Some of the frank exchanges included instructions to erase them.
The Energy Department, which is trying to open a waste repository at the site, 100 miles northwest of Las Vegas, announced the existence of the e-mail messages two weeks ago.
On Friday, a subcommittee of the House Committee on government Reform released dozens of pages of the messages.
One analyst wrote that a computer program had generated data that he could not explain, so he withheld it from the quality assurance department, known as QA.
"Don't look at the last 4 lines.
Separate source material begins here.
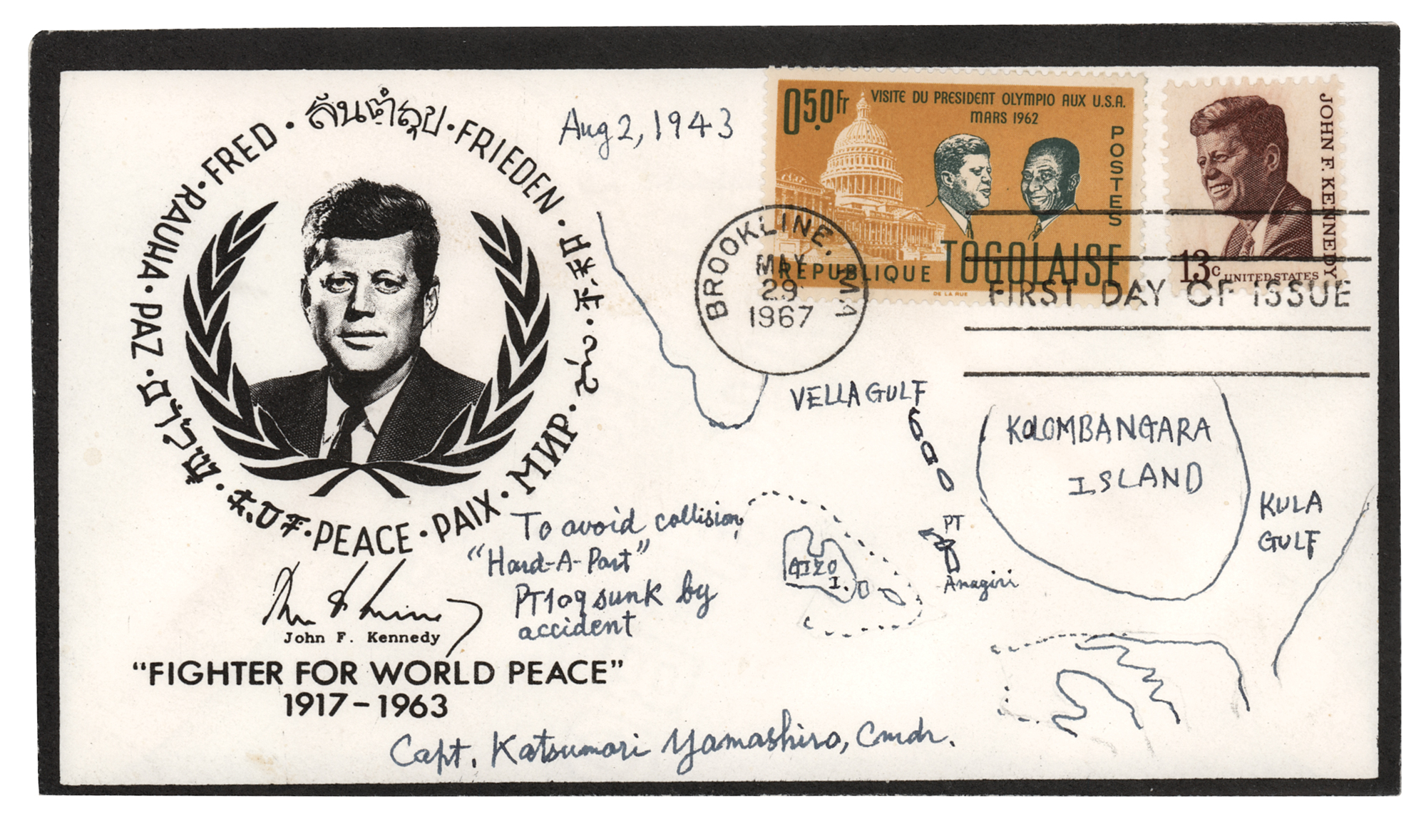 Japanese naval officer who commanded the 11th Flotilla (1900-1986) and who was Senior Officer on board the destroyer Amagiri on the night of the collision with John F. Kennedy's PT-109. Attractive black-bordered FDC with a cachet honoring the life of President John F. Kennedy as a 'Fighter for World Peace,' postmarked in Brookline, Massachusetts, on May 29, 1967, signed in black ink, "Capt. Katsumori Yamashiro, Comdr.," who adds a detailed map from “Aug. 2, 1843,” which charts the incident within the waterways of the Solomon Islands, noting “Kolombangara Island,” the “Kula Gulf,” the “Vella Gulf,” and the point of impact between Kennedy’s PT-109 and the Japanese destroyer Amagiri, with Yamashiro adding, “To avoid collision, ‘Hard-a-Port,’ PT109 sunk by accident.” In very fine condition.

Those are a mystery," wrote the scientist."
"In the end I keep track of 2 sets of files, the ones that will keep QA happy and the ones that were actually used," he wrote.
B. John Garrick, the chairman of the Nuclear Waste Technical Review Board, a group of independent experts established by Congress to monitor the Energy Department, said it was too soon to draw conclusions but that "it is disturbing to see such loosely framed discussions between scientists."
Falsifying work
The theme running through the messages was that employees were performing work that they did not believe would meet the standards set by the quality assurance inspectors, and were sometimes falsifying their work in ways that they believed would satisfy the inspectors.
One scientist wrote that he feared he would be "taken to the cleaners" by the inspectors because his work did not refer to an established procedure laid out in a scientific notebook, and he asked if he should create such a notebook "and back-date the whole thing??"
`Sound science'
The Energy Department and the White House had said repeatedly that their recommendation of the site was based on "sound science."
"If the project has been based upon science, and the science is not correct, it puts the whole project in jeopardy," Representative Jon Porter of Nevada, a Republican who is a longtime opponent of storing waste at Yucca, said.
"I believe these e-mails show science is not driving the project; it's expedience to get the job done," he said.
In a well-done scientific investigation, he said, the methods used to derive predictions about crucial factors like water infiltration should be transparent and reproducible.
Badly fudged
A lawyer who represents the state of Nevada, Joseph Egan, said that after reading the messages, "You don't know how badly they've fudged this stuff."
Some of the correspondents explicitly discuss problems and say that they do not believe that they make any material difference to the ability of the mountain, a volcanic structure on the edge of the Nevada Test Site, to hold the waste for thousands of years.
To open a repository, the Energy Department must win the approval of the federal Nuclear Regulatory Commission, which has in the past scuttled some projects because of quality assurance problems.
The subcommittee on the federal workforce, which released the e-mail messages, plans to hold a hearing on Yucca on Tuesday.